» **Activity**
Output each line of the listing exactly, though pictures are not to appear.
[Raw data Boundary: Start]
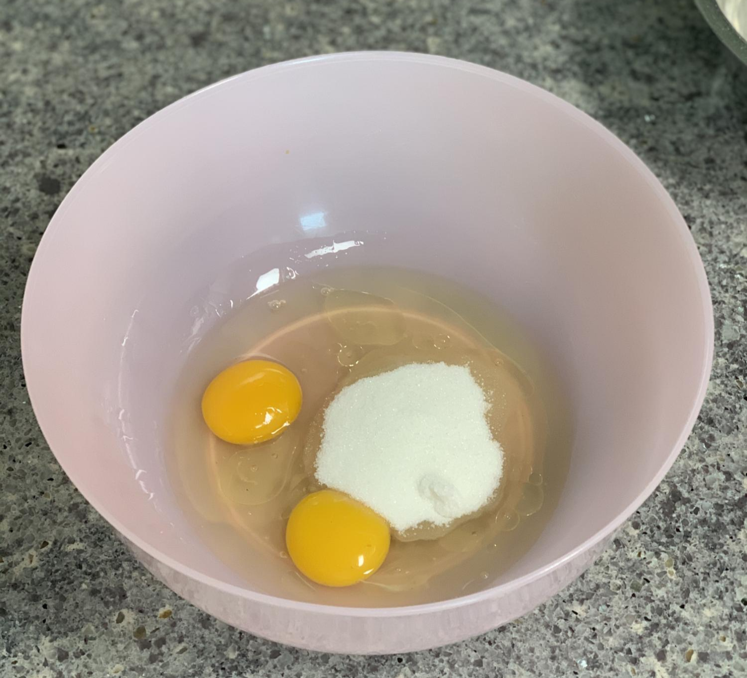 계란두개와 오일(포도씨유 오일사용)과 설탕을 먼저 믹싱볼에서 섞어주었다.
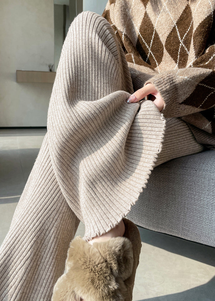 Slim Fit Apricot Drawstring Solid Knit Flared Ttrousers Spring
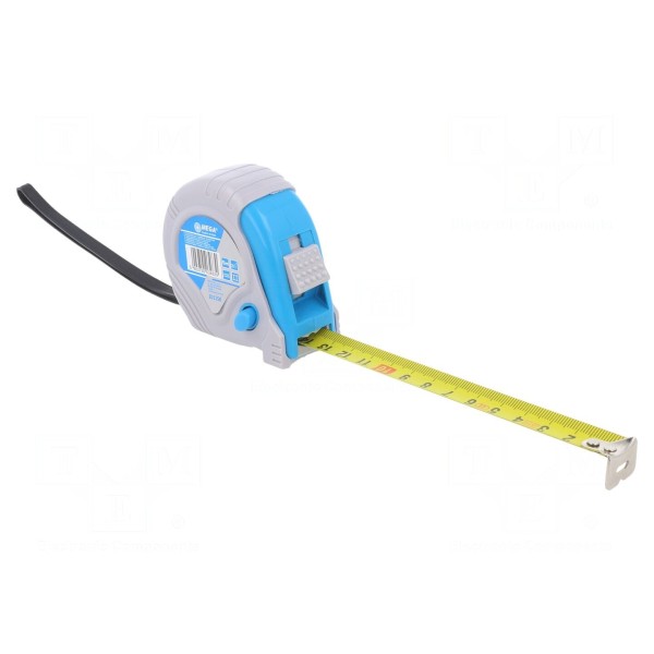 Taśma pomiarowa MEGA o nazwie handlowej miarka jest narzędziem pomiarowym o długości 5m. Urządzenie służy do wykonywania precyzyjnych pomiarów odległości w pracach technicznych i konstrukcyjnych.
[Raw data Boundary: End]
» **Result for this exercise**
 계란두개와 오일(포도씨유 오일사용)과 설탕을 먼저 믹싱볼에서 섞어주었다.
 Slim Fit Apricot Drawstring Solid Knit Flared Ttrousers Spring
 Taśma pomiarowa MEGA o nazwie handlowej miarka jest narzędziem pomiarowym o długości 5m. Urządzenie służy do wykonywania precyzyjnych pomiarów odległości w pracach technicznych i konstrukcyjnych.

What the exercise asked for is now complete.